Hal plucked a large thick leaf from a plant and used it as a salver on which she placed the roasted heart. They walked together down the makeshift road toward the logging encampment, the sound of explosions echoing from behind them.
"It's a welcome treat, my lady. Or may I call you Inanna? I think it's time we use your true name."
"I agree. So, are there machines left to destroy?"
"I believe I've gotten them all. Are there humans left to destroy?"
"I've cleared out the encampment so I think not. Will the vampire keep from attacking me? I'd rather not begin your inevitable detox until we're done with the night's work."
"The vampire has no interest in its own destruction, so as long as your blood remains beneath the skin we should be fine. I wouldn't mind a few more of these hearts, if I can find the ones I tossed aside. I don't have your combustive talent."
"You catch 'em, I'll cook 'em." She grinned at him, a light-hearted expression worn on a face caked with gore. He smiled back, knowing he looked just as gruesome.
"My dear Inanna, you're a bloody mess. I'm afraid you may have a face only a vampire could love," he teased.
"Good thing a vampire is the only lover I'm interested in," Inanna replied. "Find your hearts.
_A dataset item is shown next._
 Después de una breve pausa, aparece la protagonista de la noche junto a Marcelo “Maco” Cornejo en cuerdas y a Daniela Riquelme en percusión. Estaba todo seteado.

We don't have all night. I'll meet you at the encampment just up the road."
Inanna disappeared in her usual burst of effervescent air, leaving Hal to retrace his steps as quickly as he could. He retrieved the M4 and duffel bag of explosives before beginning a quick search for snacks. He found three more hearts, tucked them into a pocket of the bag, and decided that was plenty. He'd already eaten the one raw, and five was more than he usually indulged in at once. Hal took a careful bite of the heart she'd cooked for him. Just the right temperature and perfectly done. Inanna was apparently an expert at open-flame cooking, which made sense, considering her age.
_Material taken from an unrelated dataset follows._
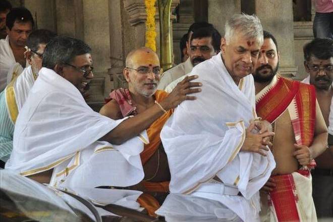 தனது துணைவியார் மைத்ரி விக்கிரமசிங்கவுடன், ஆலயத்துக்கு வந்த சிறிலங்கா பிரதமருக்கு நிர்வாகத்தின் சார்பில் சிறப்பு வரவேற்பு அளிக்கப்பட்டது.

Hal ate as he ran toward the encampment at full speed. Eating on the run was another old habit. He worked his way through Inanna's usual untidy leavings, pieces of bodies this time rather than coffee grounds and toast crumbs, and quickly found the office. It was a one-room metal caravan of sorts built on a flatbed trailer and made to be towed along as the logging progressed. Inanna was rummaging through a desk in the room, leaving behind blood smears and droplets with every move.
"I've found some letterhead with the company logo. Looking for addresses and such. Check out the map on the wall," she said. "I can use it to focus just on sites owned by Verdant Opportunity. Otherwise we'd spend the night chasing through the Amazon killing random loggers."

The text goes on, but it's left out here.